So I stayed on the line, giving directions, tweaking the route when real-world road conditions didn’t match my tidy-bird’s eye view, and easing Evan back home.  While he drove, he filled me in on just how he’d come to be in an unfamiliar part of the city.

As part of his training, he is encouraged to attend other churches.  In his novice year he’s attended services in churches where English is never spoken, he’s taken some of his classmates to a Mormon ward meeting, and he’s developed a particular fondness for the spirituality of the Eastern Rite churches.  This past Sunday he went to a Ruthenian church.  Like many of the Easter Rite churches, it is considered to be in full communion with Rome.  The rites are different, though, from those you’d find in the average Roman Catholic church in the U.S.

Evan enjoyed his visit, but got turned around on the way out and needed a little help finding his way.

Which reminded me that — even a continent away — I’m still the Dad.

Both of my sons still seek my advice on matters small and large.  (They don’t always take my advice — that’s the beauty of asking for advice.  Just because somebody gives it to you, you don’t have to accept it.)  While he was an undergraduate, Evan frequently asked me to review his papers and make suggestions as I saw fit.  Ian has sought my advice on school projects, his novels and various job situations.  And, at various times, I’ve served as their personal OnStar.

(Aside: I don’t blame Evan for getting lost.  Out here where Evan grew up, the cities are laid out in nice, square grids.  Addresses tend to be things like 550 East 300 South.  If you know the city and the E/W and N/S coordinates, it’s almost impossible to get lost.  Especially if you know that the Wasatch Mountain range lies to the east.  If your destination is to the east, drive toward the mountains.  South?  Keep the mountains on your left side.  By contrast, the roads of Washington DC appear to have been laid out after a night of heavy drinking by contractors who were unclear on the concept of “the shortest distance between two points.”  Of course, that could just be my western bias.)

All of which got me thinking about my relationship with God.  You know, God the Father?

(To be clear — and to avoid giving offense — I’m not suggesting that I’m God or even particularly God-like.  The situation just gave me pause to think.)

When we call out to God for help, it’s usually because we’re lost somewhere.  We’ve gotten stuck or confused or overwhelmed and need to find a way back home.  And God is still the Father.  Still there.  Waiting to give us guidance and advice.

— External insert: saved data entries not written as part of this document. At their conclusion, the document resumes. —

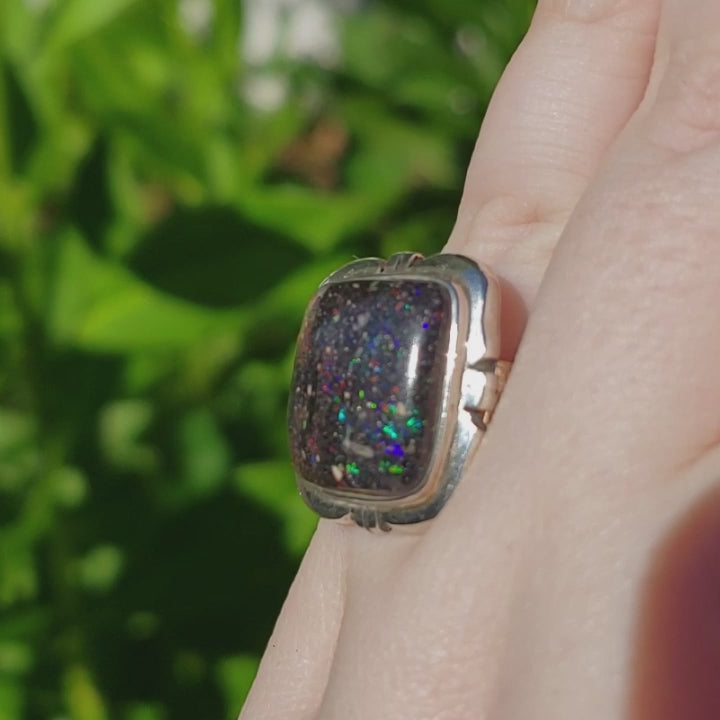 This Australian Opal Ring is a sight to behold, showing glimmering rainbows from within as it is turned in the light. With its Sterling Silver band and setting, this black Opal is truly a statement piece, bound to be the new favorite of your collection. It is a one of a kind Lightning Ridge, Australian Opal, hand-cut and custom made by one of the owners of the mine from which it was dug.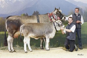 Bundessiegerin LARA (Dabamo AT x Nalus AT) geb: 06.12.2011, 2. Abk. mit Kuhkalb *Käfer von Familie Jenewein, Mieders, TGV. Foto: Stephan Hauser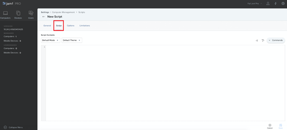 4. Select the Script tab.

Even though I don’t follow that advice as often (or as closely) as I should, I still find the fact of God’s presence comforting.

— Dad

P.S.

For a more elegant exploration of this idea, I suggest you click over to the Ignatian Spirituality blog.

Newsiness

A quick post with a couple of updates from St. Paul’s college.  If you’re looking for deep insights today, wander on over to the Catholic channel on Patheos.com.  Today’s post is just a metaphorical postcard from DC.

First up, this past weekend the college held a “Come and See” weekend retreat for men contemplating a vocation.  Evan reports that it went well.  If I understood him correctly, there were about fifteen men in attendance.  I pray that in calling those whom He will, God invites many new members to join the Paulist community.

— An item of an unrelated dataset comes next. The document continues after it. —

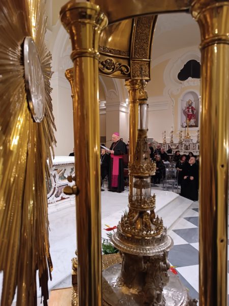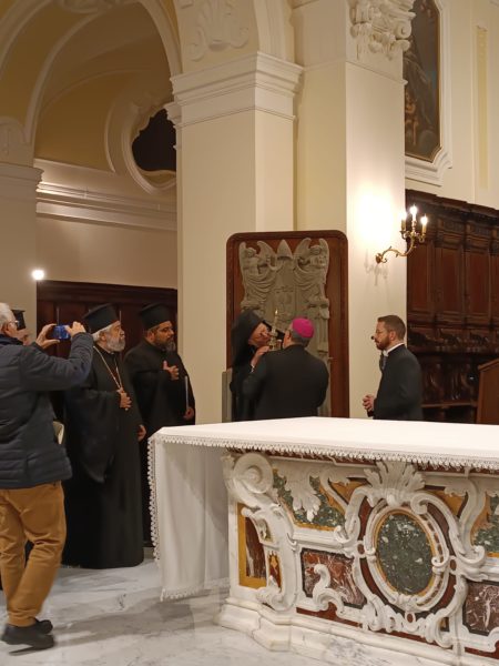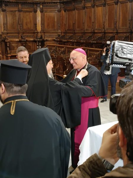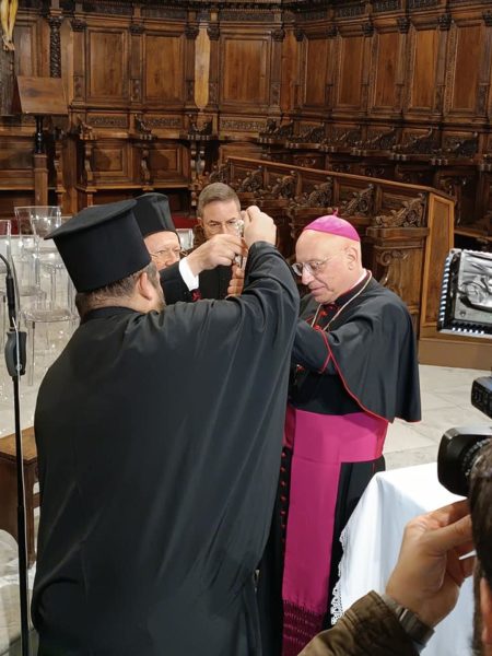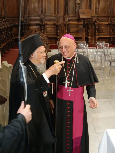 Ο Παναγιώτατος, στην ομιλία του, αναφέρθηκε στην πολυετή γνωριμία του με τον Επίσκοπο Massimiliano, στην ευγένεια, στα χαρίσματα και την ανοικτότητα του χαρακτήρα του, καθώς και στην αφοσιωμένη διακονία του υπέρ των Ρκαθολικών πιστών της Σμύρνης, αργότερα της Τραπεζούντας και σήμερα της Πόλεως.

The other news is that Evan will be travelling to Austin, Texas later this week to serve his Lenten Apostolate at St. Austin Catholic parish.  As part of the novice year, the novices spend Lent working in a Paulist parish.  This gives them a taste of pastoral work away from the rarified air of the seminary.  While he’s there, Evan will be giving a presentation on (I think) food and spirituality.

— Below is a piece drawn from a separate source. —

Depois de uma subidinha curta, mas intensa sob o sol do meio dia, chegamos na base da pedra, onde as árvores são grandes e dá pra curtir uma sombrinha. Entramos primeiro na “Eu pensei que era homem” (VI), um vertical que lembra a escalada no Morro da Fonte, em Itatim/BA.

Have I mentioned that Evan is a great cook?  This past week when the snow was thick on the ground and folks couldn’t get in to prepare meals, he was called on to fix the evening meal.  He made kebabs with a strawberry sauce.  He says they were good and well received…and promised to make them for us on his next visit.

We’re looking forward to hearing about his adventures in Austin and are already grateful to the priests and parish there who will be part of his formation.

— Dad

Minor Orders

320px-StMarysWestMelbAltarThe holidays are over and it’s time to get back to ordinary time — which, for me, includes blogging.

While Evan was home (we had him for the better part of a month) we spent some time talking about the seminary and what’s he’s been learning and doing.  Among other things, this past fall he was working at drop-in shelter/soup kitchen.  When they found out that he could bake, they set him to work making cookies and pies and such — anything that didn’t need to rise to be cooked.  We also spent a little time talking about how religious formation has changed over time.

This might sound a bit esoteric, but it actually gives an interesting peek inside the history of the church in the post Vatican II era.

Prior to 1973, candidates for the priesthood went through several well-defined steps during their training.  It started with the tonsure — a ceremonial haircut to mark the candidate’s entry into religious life.  Think of the bowl cut you associate with Friar Tuck or Brother Cadfael.  It was considered a sign that the candidate no longer cared about worldly fashion.  By the middle of the last century, though, the bowl cut had given way to a ceremonial clipping of five tiny tufts of hair as the points of a cross on top of the candidate’s head.

During formation, the candidate would go through the four minor ordersporter, lector, exorcist and acolyte.  The progression through the minor orders was a bit like gaining rank in the military, each of them brought the candidate new responsibilities.  None of them were Divine or Apostolic in origin and they were added to the church at different times.

Formal ordination began with the order of the subdeacon.  As the name implies, the subdeacon shares in some of the responsibilities, but not the full authority of an ordained deacon.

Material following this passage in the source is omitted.